#### Task statement:
Your task is to retype the lines from the opening of the material through the line that includes "Darrell Alfonso, Global". Do not copy the pictures.

#### Stored data:

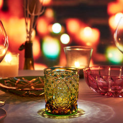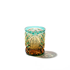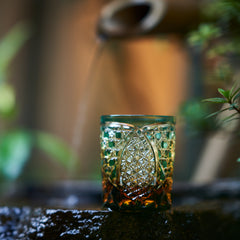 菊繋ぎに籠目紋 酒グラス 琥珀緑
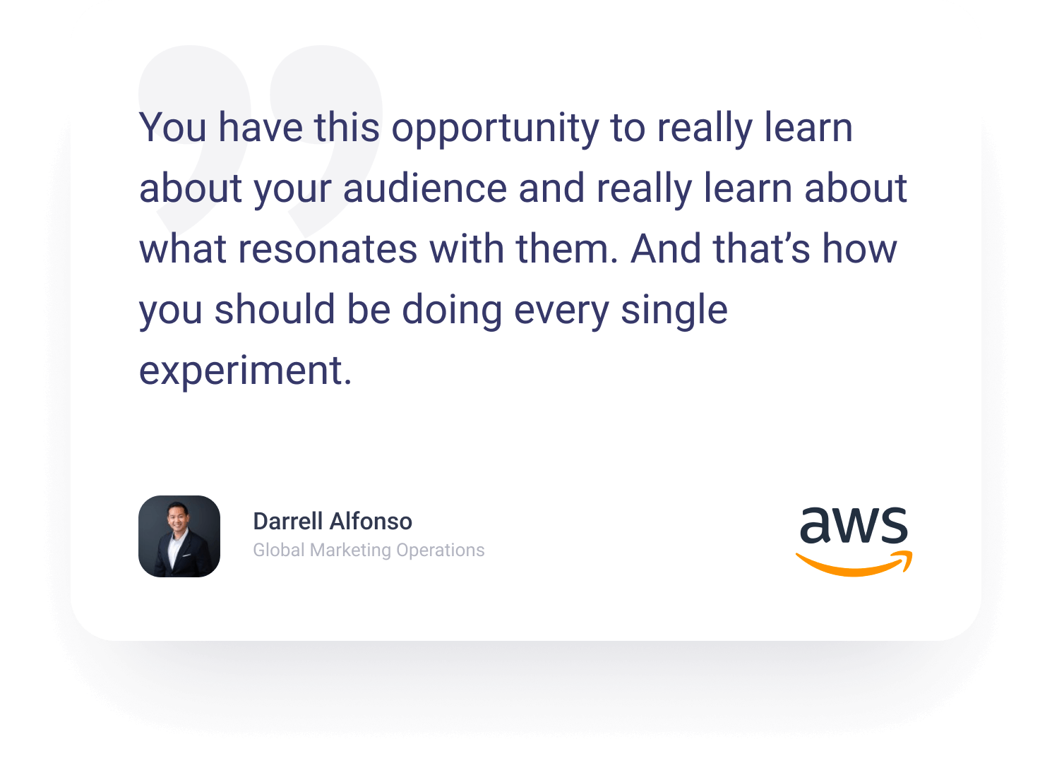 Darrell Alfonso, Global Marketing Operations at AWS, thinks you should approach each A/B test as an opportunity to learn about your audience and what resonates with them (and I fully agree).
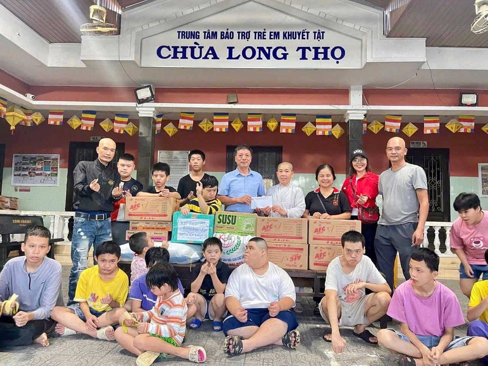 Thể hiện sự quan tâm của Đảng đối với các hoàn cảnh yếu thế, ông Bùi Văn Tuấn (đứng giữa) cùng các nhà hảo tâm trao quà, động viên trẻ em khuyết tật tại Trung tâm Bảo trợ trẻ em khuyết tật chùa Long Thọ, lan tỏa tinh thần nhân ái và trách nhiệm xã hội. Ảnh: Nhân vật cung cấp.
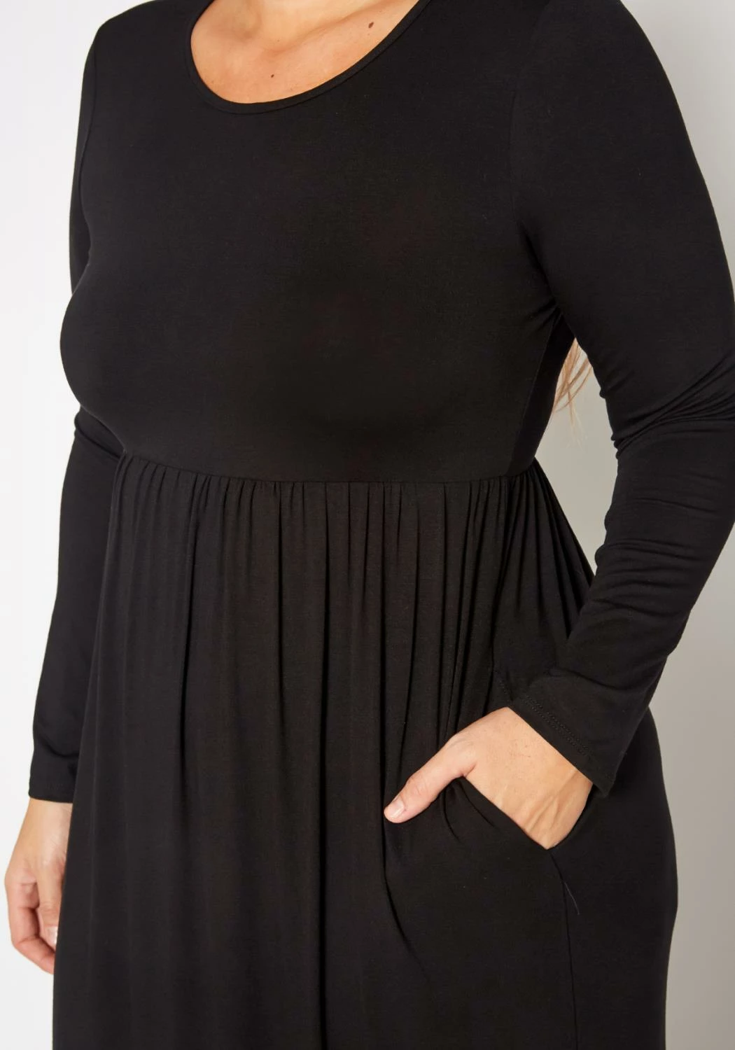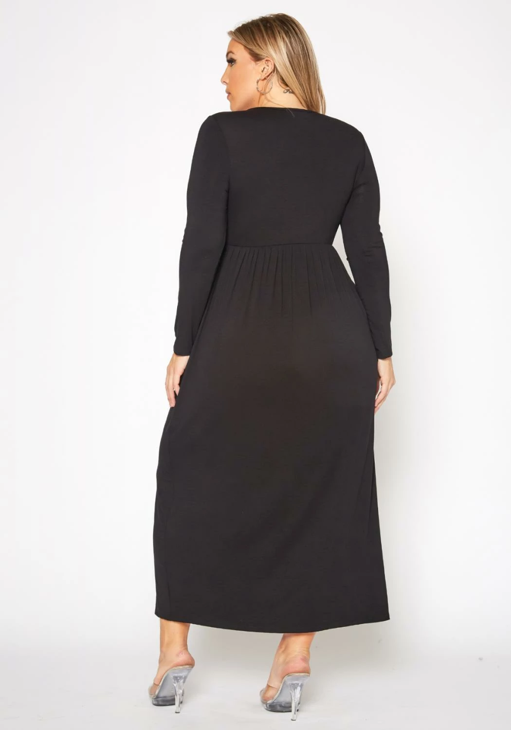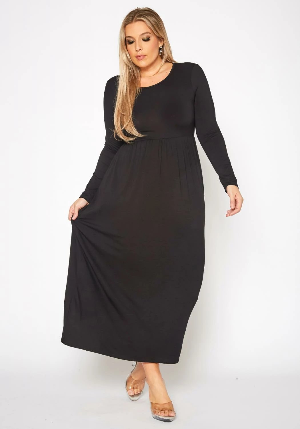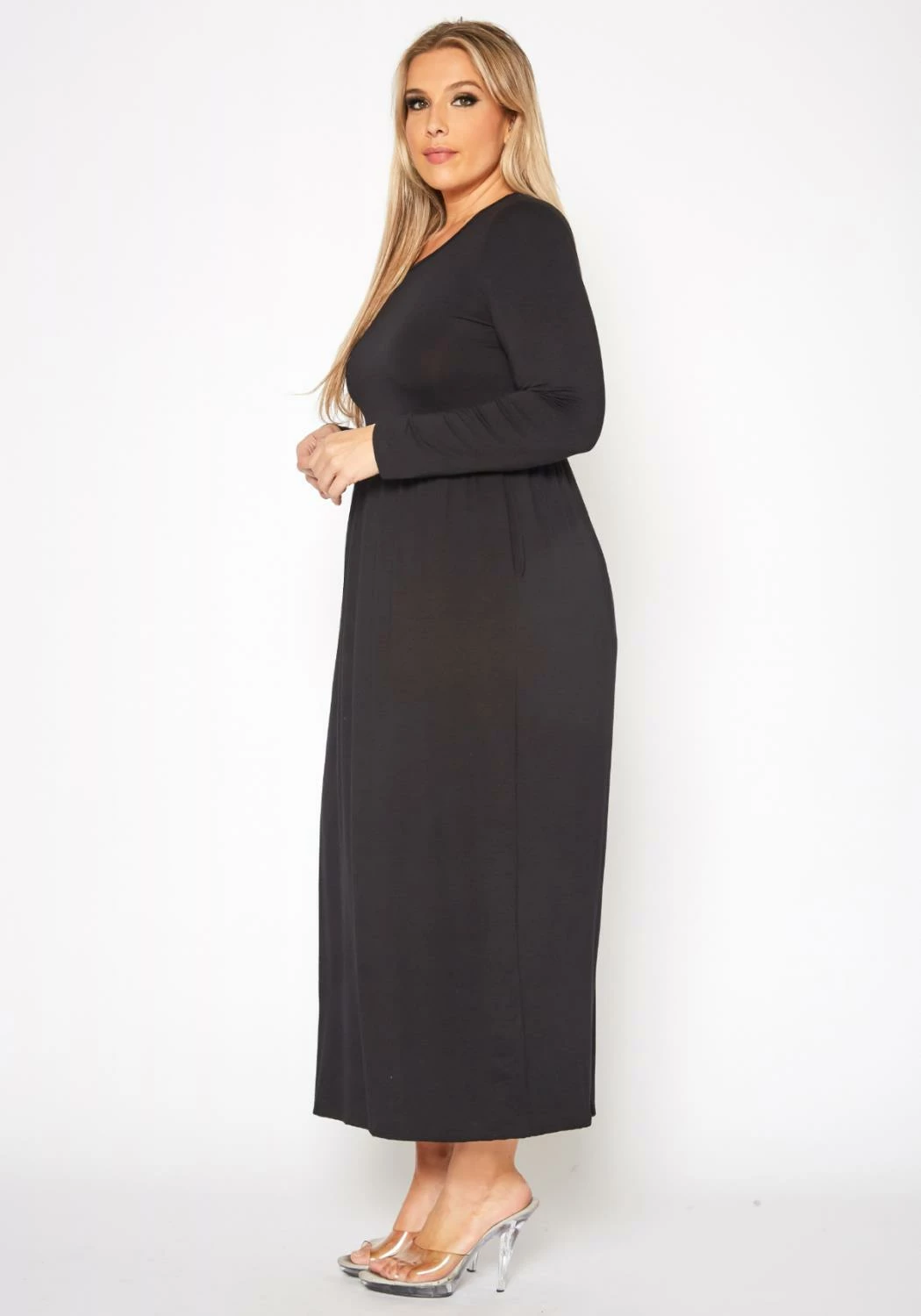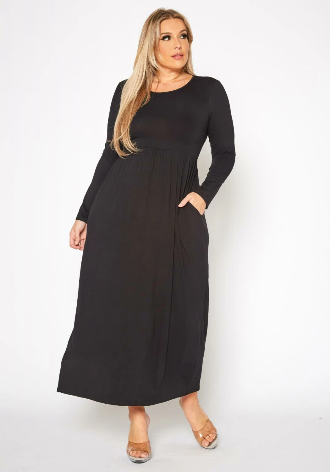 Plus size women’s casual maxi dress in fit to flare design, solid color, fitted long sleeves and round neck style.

#### Response to this exercise:
 菊繋ぎに籠目紋 酒グラス 琥珀緑
 Darrell Alfonso, Global Marketing Operations at AWS, thinks you should approach each A/B test as an opportunity to learn about your audience and what resonates with them (and I fully agree).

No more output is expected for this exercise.